Balmoral reaches tail-end phase

Premier Oil is drawing up plans to decommission the Balmoral facilities in the central UK North Sea, although it may push cessation of production to 2021 after re-evaluating the performance of various fields connected to the infrastructure. In that case, further investments might be needed, the company said, to maintain the integrity of the wells, topsides and subsea equipment.

Some decommissioning is already under way, with Helix Well Ops’ intervention vesselSeawell having entered four suspended Balmoral water injector wells to determine their status and prepare them for P&A at a later date. Premier is also looking to dispose of/sell the Balmoral floating production vessel, which started operating in 1986.
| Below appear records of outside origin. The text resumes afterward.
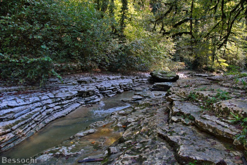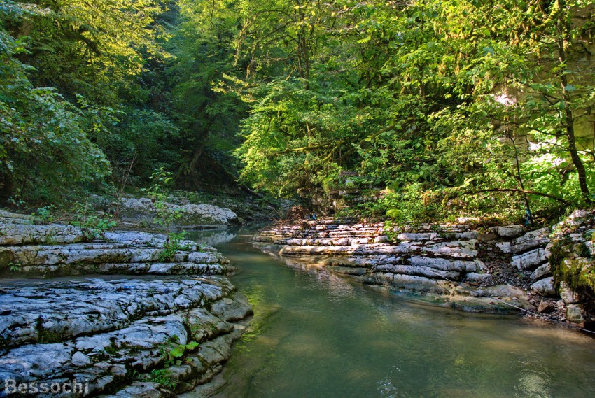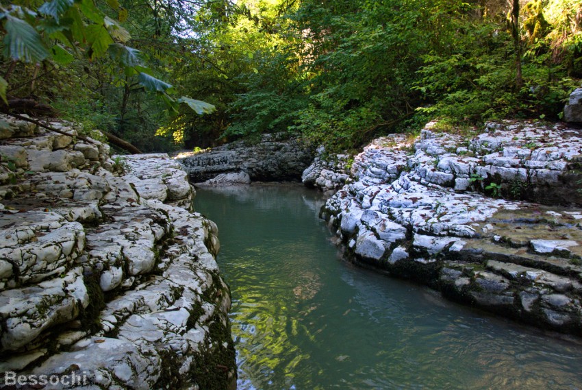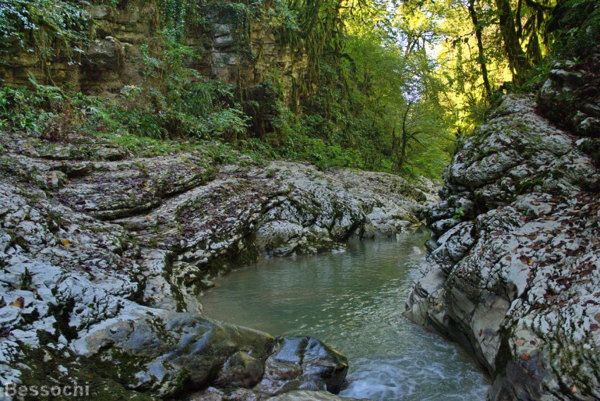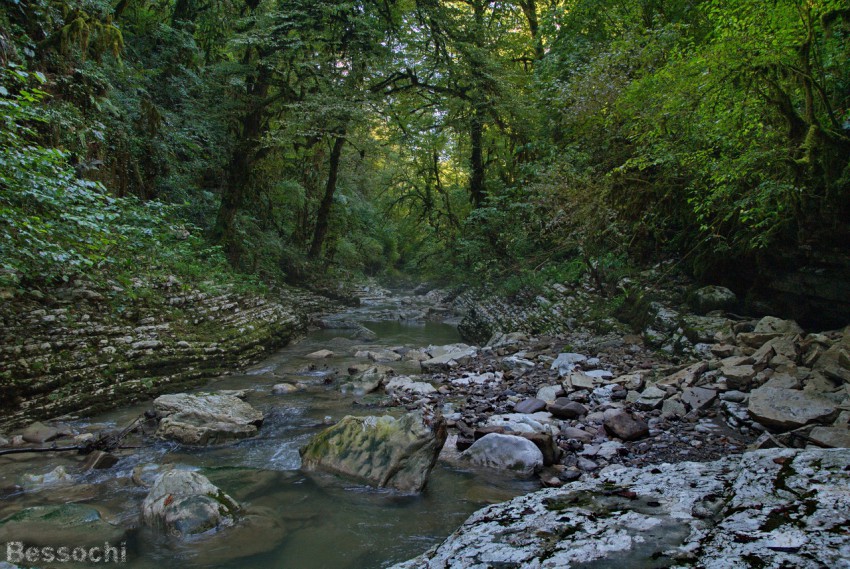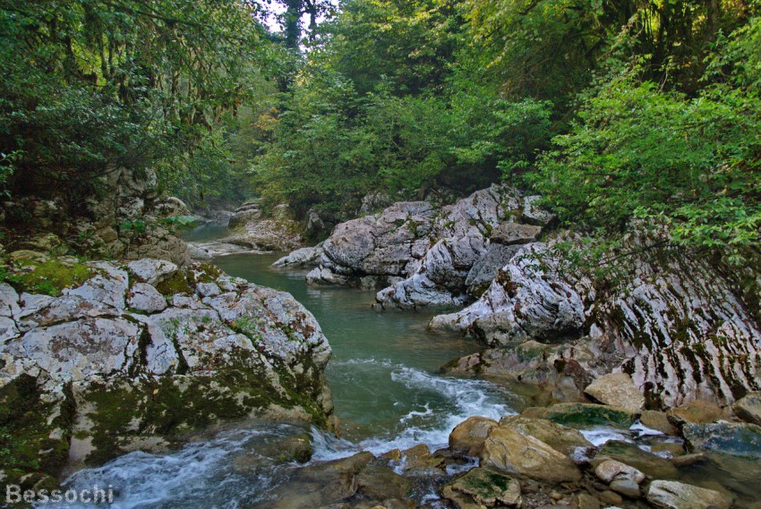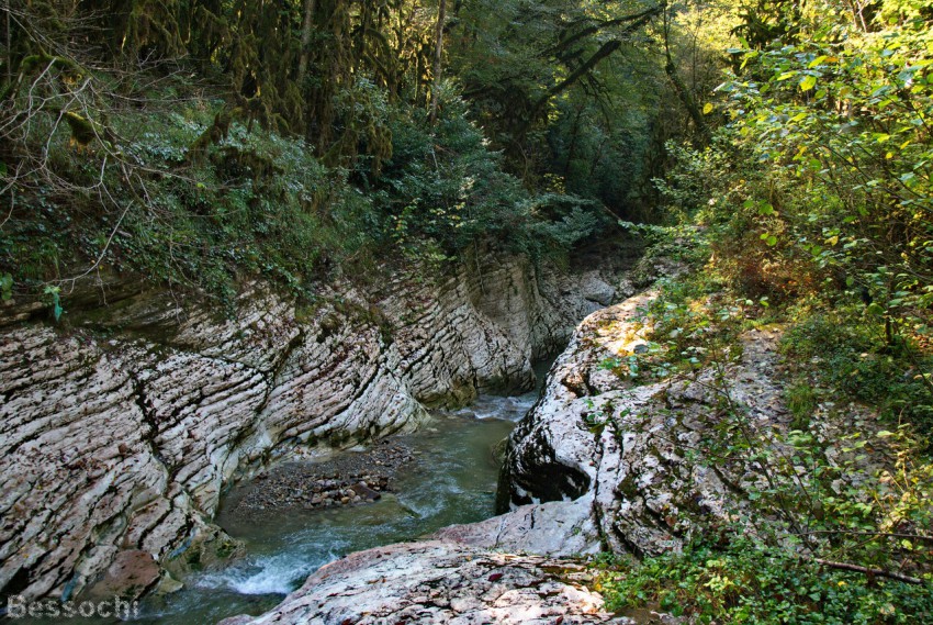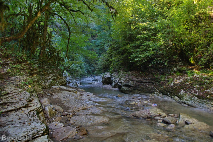 Продолжу свой рассказ о прогулке вниз по течению рек Псахо и Кудепсты, напомню, что начал я свое путешествие из села Галицыно, затем спустился в село Лесное, что бы осмотреть Троице-Георгиевский женский монастырь, а от Лесного минут за 40 спустился по руслу реки Псахо к началу «Мокрого» каньона.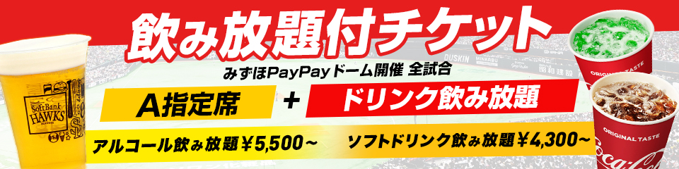 ホークスの熱い戦いを肴に、お好みのドリンクを流し込む至福の時間を心ゆくまで楽しんでいただける「飲み放題付チケット」。お酒を飲まない方はソフトドリンク飲み放題を選べるのもうれしいポイント。スタジアム観戦ならではの臨場感を満喫してください。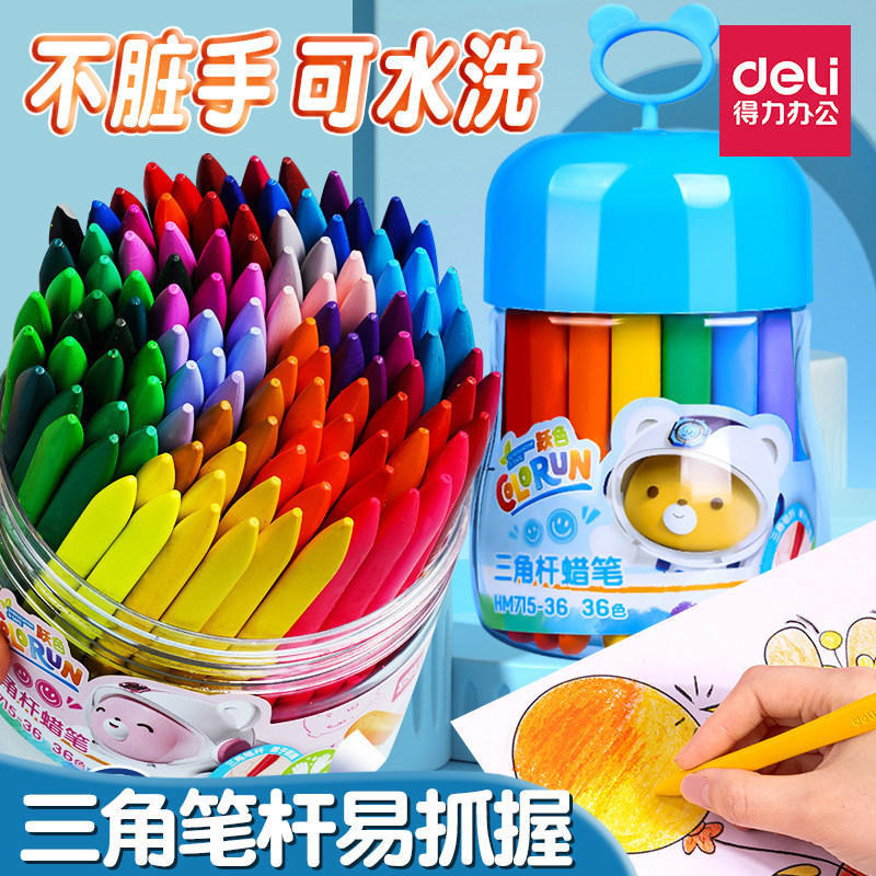 得力蜡笔不脏手儿童安全无毒不沾手画笔幼儿园专用可水洗塑料腊笔宝宝彩笔丝滑彩色画画笔36色油画棒工具套装

Relief system on standby for Barents well

Add Energy and Trendsetter Engineering will provide access to their Relief Well Injection Spool (RWIS) for a well due to be drilled in the Barents Sea this spring. If called on, the system should facilitate high-rate kill operations – pumping mud at rates above 200 bbl/min – through a single relief well, using multiple vessels.

The RWIS is installed on the relief well wellhead beneath the BOP to provide additional flow connections into the wellbore. By means of high-pressure flex lines, the inlets accommodate pumping units from separate floating vessels (in addition to the relief well rig) to ensure a high-rate kill.